### THE DATA ###

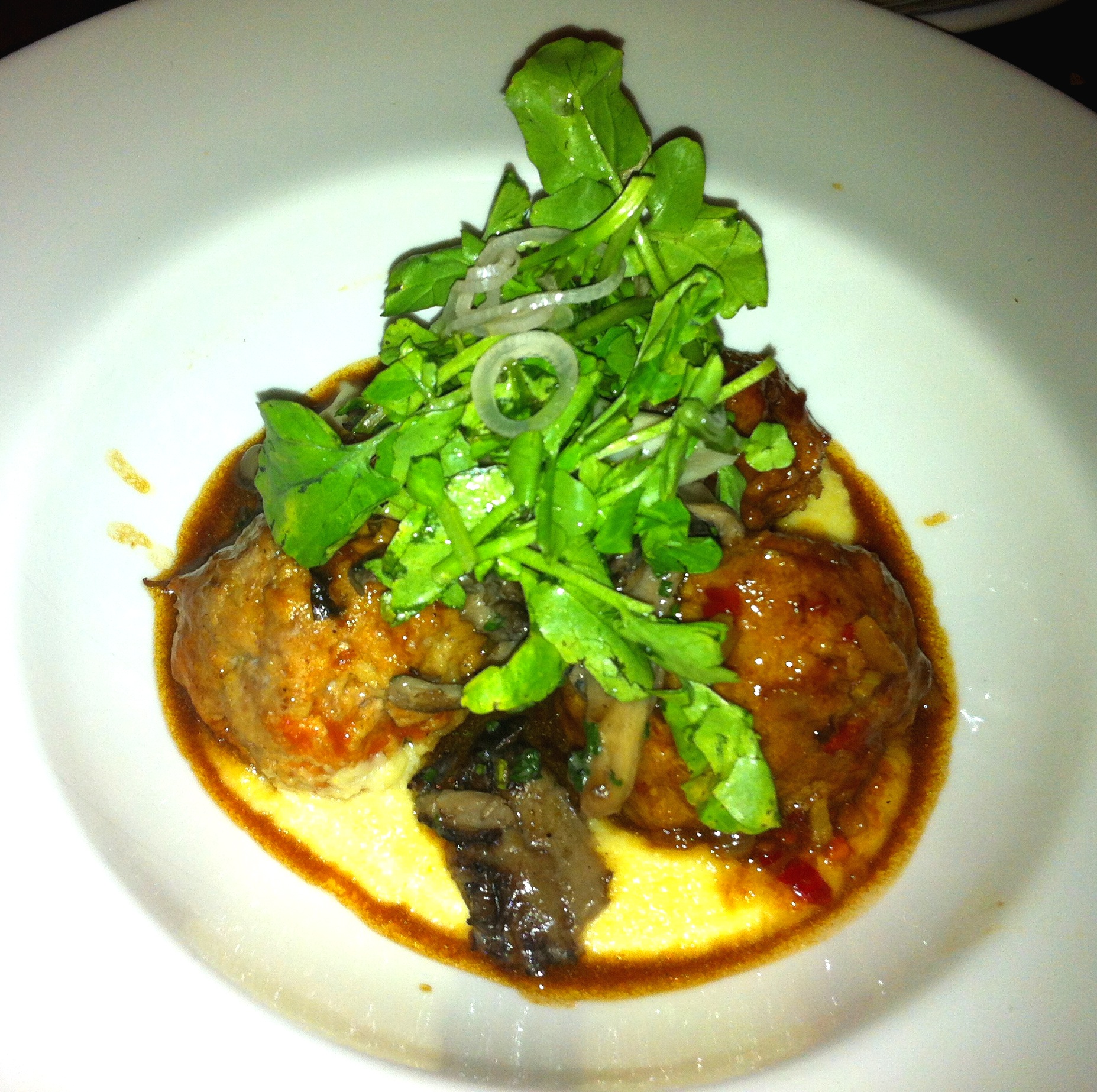 So to take it back old school we split a dumpling app (I call them dumps). They were steamed and came with a tomato sauce instead of a sodium filled soy sauce (ever notice how health places dowse everything in tomatoes for “acid” and “flavor?” I’m on to you guys. Cat is out of the bag). They were good, but I was full from the bread and sweet potato dip-a-roo.
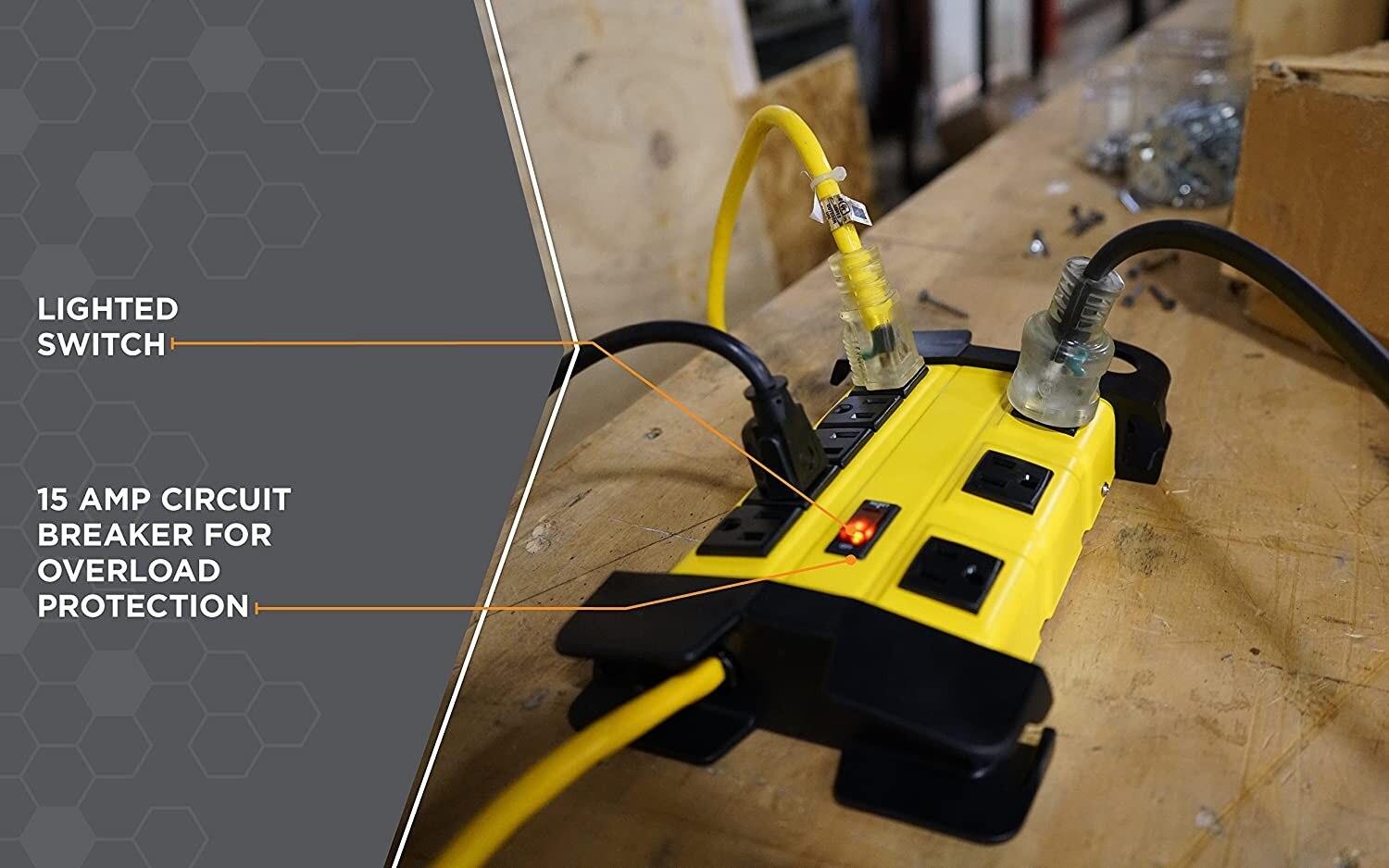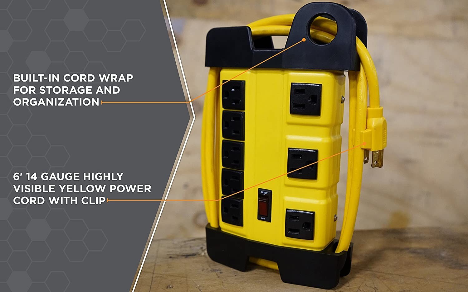- HIGHLY VISIBLE 6 foot, 14 gauge yellow power cord with clip, adds extra safety and prevents tripping
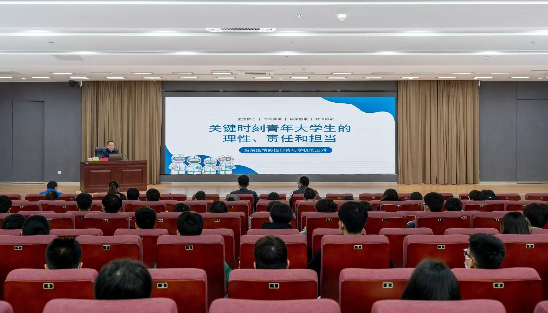 他指出,疫情防控工作是特殊时期学校必须做好、做实、做细的一项重要工作,是学校正常开展教育教学的基础性、先导性工作,也是对全校师生的考验。全校上下要进一步强化思想警醒,聚焦当前疫情形势,进一步筑牢“外防输入、内防反弹”的坚固防线。要做到紧抓核酸检测、健康监测、出校师生管理、返济人员管理“四个关键点”;谨记戴口罩、勤洗手、一米线、常通风、少外出、不聚集“六句关键话”,坚决打赢疫情防控阻击战,履行学校的社会责任。
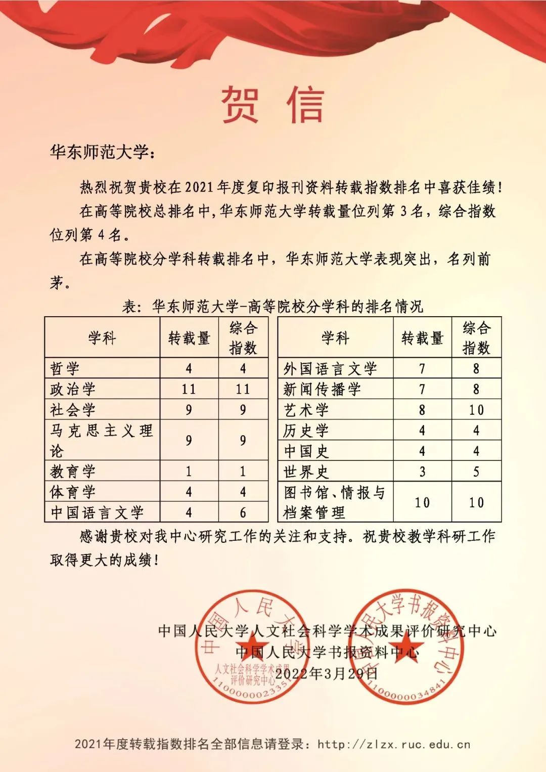 根据2022年3月发布的中国人民大学复印报刊资料转载指数排名(2021年度),我校综合指数位列全国高校第4。在高等院校分学科排名中,我校“教育学”综合指数排名位列第1,“哲学、体育学、历史学、中国史”综合指数排名第4,“世界史”综合指数排名位列第5。根据南京大学中国社会科学研究评价中心统计,我校CSSCI(2021)生产力排全国机构第7。
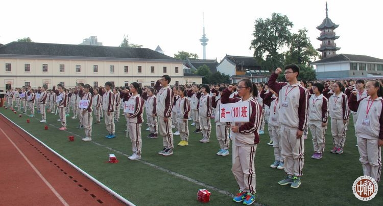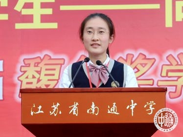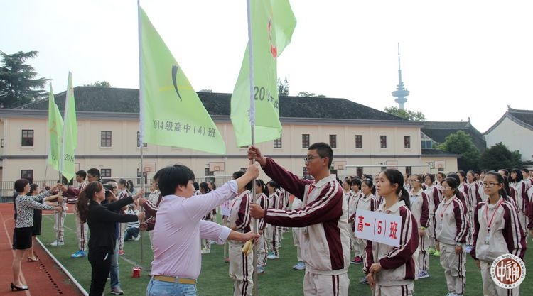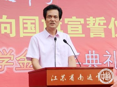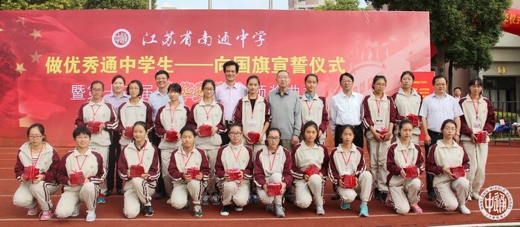 在我校2011届优秀毕业生、第九届馥华奖学金获得者、南京大学历史学系学生党员王珊珊带领下,全体高一新生高举右拳,面向国旗,庄严宣誓:热爱祖国、追求真理;诚于做人、恒于学问;谦逊奋进,好学多思;守纪苦练,积健为雄;做一个有理想、有道德、有文化、有纪律的优秀的通中学生!
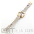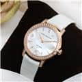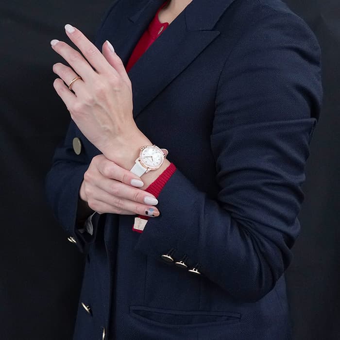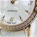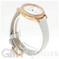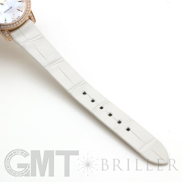 やや光沢のあるホワイトパール・アリゲーターレザーが時計本体の美しさを際立たせ、手元から輝きを放ちます。

###

### WHAT NEEDS TO BE DONE
Reproduce the listing word for word. Do not carry over the pictures.

### RESPONSE AREA
 So to take it back old school we split a dumpling app (I call them dumps). They were steamed and came with a tomato sauce instead of a sodium filled soy sauce (ever notice how health places dowse everything in tomatoes for “acid” and “flavor?” I’m on to you guys. Cat is out of the bag). They were good, but I was full from the bread and sweet potato dip-a-roo.
- HIGHLY VISIBLE 6 foot, 14 gauge yellow power cord with clip, adds extra safety and prevents tripping
 他指出,疫情防控工作是特殊时期学校必须做好、做实、做细的一项重要工作,是学校正常开展教育教学的基础性、先导性工作,也是对全校师生的考验。全校上下要进一步强化思想警醒,聚焦当前疫情形势,进一步筑牢“外防输入、内防反弹”的坚固防线。要做到紧抓核酸检测、健康监测、出校师生管理、返济人员管理“四个关键点”;谨记戴口罩、勤洗手、一米线、常通风、少外出、不聚集“六句关键话”,坚决打赢疫情防控阻击战,履行学校的社会责任。
 根据2022年3月发布的中国人民大学复印报刊资料转载指数排名(2021年度),我校综合指数位列全国高校第4。在高等院校分学科排名中,我校“教育学”综合指数排名位列第1,“哲学、体育学、历史学、中国史”综合指数排名第4,“世界史”综合指数排名位列第5。根据南京大学中国社会科学研究评价中心统计,我校CSSCI(2021)生产力排全国机构第7。
 在我校2011届优秀毕业生、第九届馥华奖学金获得者、南京大学历史学系学生党员王珊珊带领下,全体高一新生高举右拳,面向国旗,庄严宣誓:热爱祖国、追求真理;诚于做人、恒于学问;谦逊奋进,好学多思;守纪苦练,积健为雄;做一个有理想、有道德、有文化、有纪律的优秀的通中学生!
 やや光沢のあるホワイトパール・アリゲーターレザーが時計本体の美しさを際立たせ、手元から輝きを放ちます。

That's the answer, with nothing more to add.